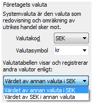 Notera att inställningarna Värdet av annan valuta i systemvalutan och Värdet av systemvalutan i annan valuta vid omvänd valutatabell inte påverkar den bakomliggande matematiken i systemet eller datalagringen i databasen. Detta till skillnad från de flesta andra inställningar som t.ex. inställningen för själva systemvalutan. Inställningen kan därför när som helst förändras efter en tids körning med t.ex. systemvalutan EUR.
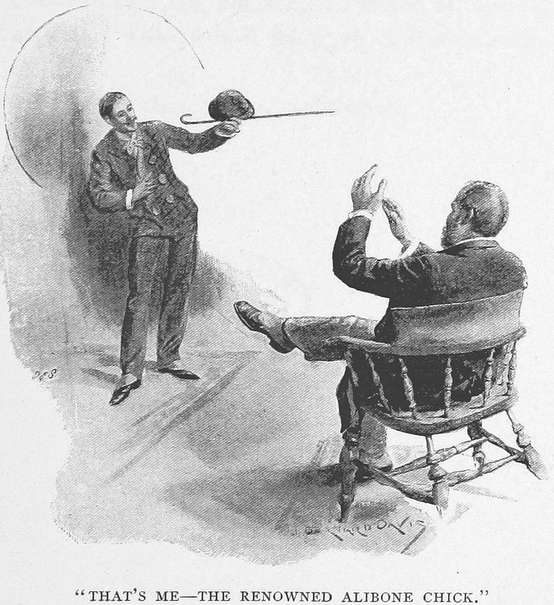 An illustration from Our English Cousins by Richard Harding Davis (1894). The caption reads: "People one knows take one for a butler."
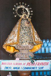 A duplicate carved image was made from the original icon in Spain and placed in the church in Nueva Caceres in the Bicol Region. Numerous miracles have been worked through intercessions to the Virgin Mary.
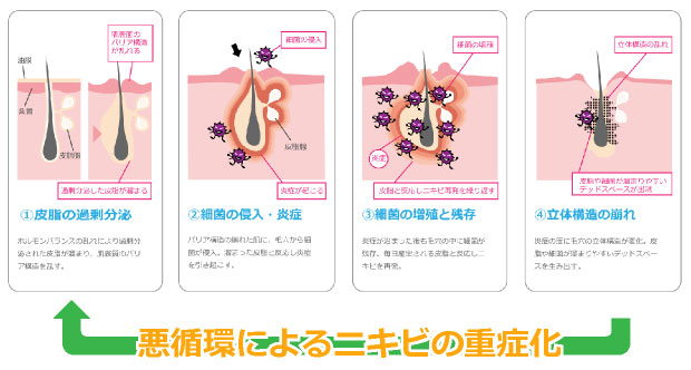 その傷が治っていないうちに、また次のニキビが出てきてしまう。さらに傷が大きくなってしまう。そのサイクルにはまってしまうと、

* * * * *

- What you will do
Nothing but the lines from the line containing "A duplicate carved" through the last line of the listing above should appear, output exactly, with no pictures.

- Answer section
 A duplicate carved image was made from the original icon in Spain and placed in the church in Nueva Caceres in the Bicol Region. Numerous miracles have been worked through intercessions to the Virgin Mary.
 その傷が治っていないうちに、また次のニキビが出てきてしまう。さらに傷が大きくなってしまう。そのサイクルにはまってしまうと、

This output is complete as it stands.